If so, you need to make sure the balancer rule is above the failover, since rules are handled from the top.BTW, how do you go about changing the names of the gateways? Did you edit the config file or do you copy the gateway, give it a new name and then delete the old one?
Changing name on a gateway can't be done without affecting other things, like the FW rules for example.
-
@Gblenn I agree it is strange. I can't reproduce the issue with the name anymore. But I can definitely reproduce the problem of load balancing not working.
I backed up my settings, and started over with a brand new confign and configured all 3 ISPs.
Still, all traffic is being directed at one ISP, even multiple hosts each initiating multiple connections .
In the following graph I had 4 devices running Ookla Speedtest - a Windows box, a Linux box, a Raspberry Pi4, and my S22 Ultra phone on Wifi. All except the phone were wired.
All traffic got routed to the Comcast WAN. Sail and Verizon WANs were untouched.
What am I missing ?
-
@madbrain One thing that I notice which you have set different to what I have, is the default gateway IPv4. I have it set to the failover group that I created, in your case "v4LB". Whereas you have it as Automatic...
-
@madbrain When I looked at instructions you linked to, or e.g. Lawrence Systems, they suggest using the Gateway Group in the LAN rule. But instead I have it set as Default... and it's working fine.
-
@Gblenn I tried setting the default gateway to the load balancer group also. That did not help, unfortunately. All traffic is still going through Comcast.
-
@Gblenn Are you using pfSense CE or Plus ? I'm using Plus. I don't see the same screen as you posted in your screenshot. Where is it at ?
Edit: found under Firewall -> Rules -> LAN -> Edit (IPv4 rule) -> Show advanced -> Gateway . I set the load balancing group for both IPv4 and IPv6.
And miraculously, the traffic started getting distributed across all 3 WANs !
Thanks for the tip. I wonder how you got it to work without setting the gateway.
-
@madbrain I have always had it set to the gateway group in that setting. It was the firewall rule that is suggested both in the instructions you linked to and by Lawrence Systems.
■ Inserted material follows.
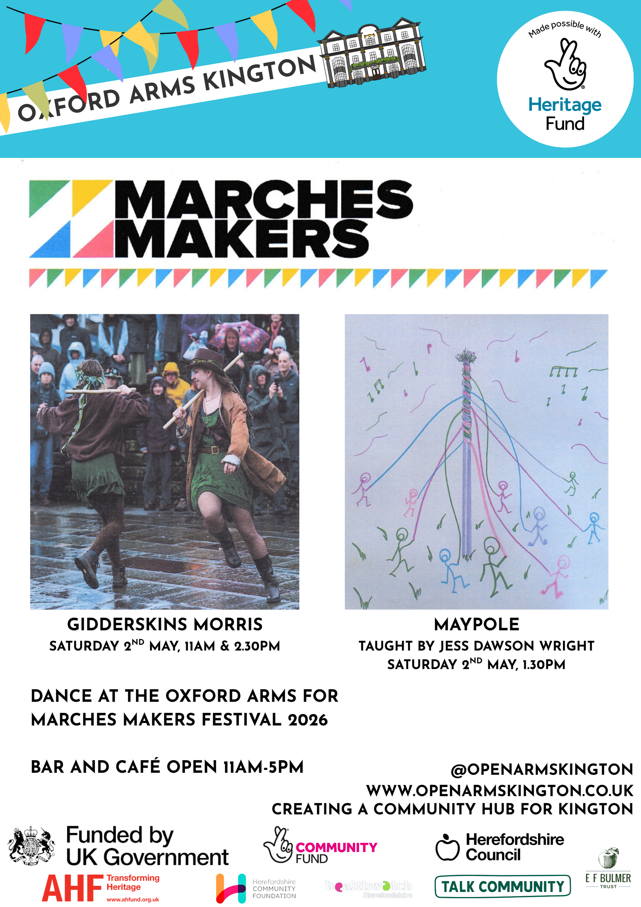 As well as our exhibition on the forgotten words of Herefordshire, we’ll be celebrating the 2026 Marches Makers festival at The Oxford with morris and maypole dancing! Gidderskins Morris will perform at 11am and 2.30pm, sandwiching participatory maypole dancing taught by Jess Dawson Wright. Bar and café open 11am-5pm.

There I keep it at default..
Great that it works now!
-
I guess now you could take a look at the weighting, to rebalance based on individual capacity of each connection. Not the Tier number, but rather for each individual Gateway (under System / Routing / Gateways) when you expand the Advanced button. First item there is weight...
-
@Gblenn Yes. I setup the weighting. Unfortunately, I ran into some issues with Netflix streaming, where buffering happened even though all 3 WANs were up. Will post a separate thread.
-
@madbrain said in Load balancing not working with Wireguard client:
I do have an extra NIC and a total of 3 ISPs rather than 2 ISPs before. But even disabling one interface for one of the ISPs does not restore the load balancing functionality.
I do have an extra NIC and a total of 3 ISPs rather than 2 ISPs before. But even disabling one interface for one of the ISPs does not restore the load balancing functionality.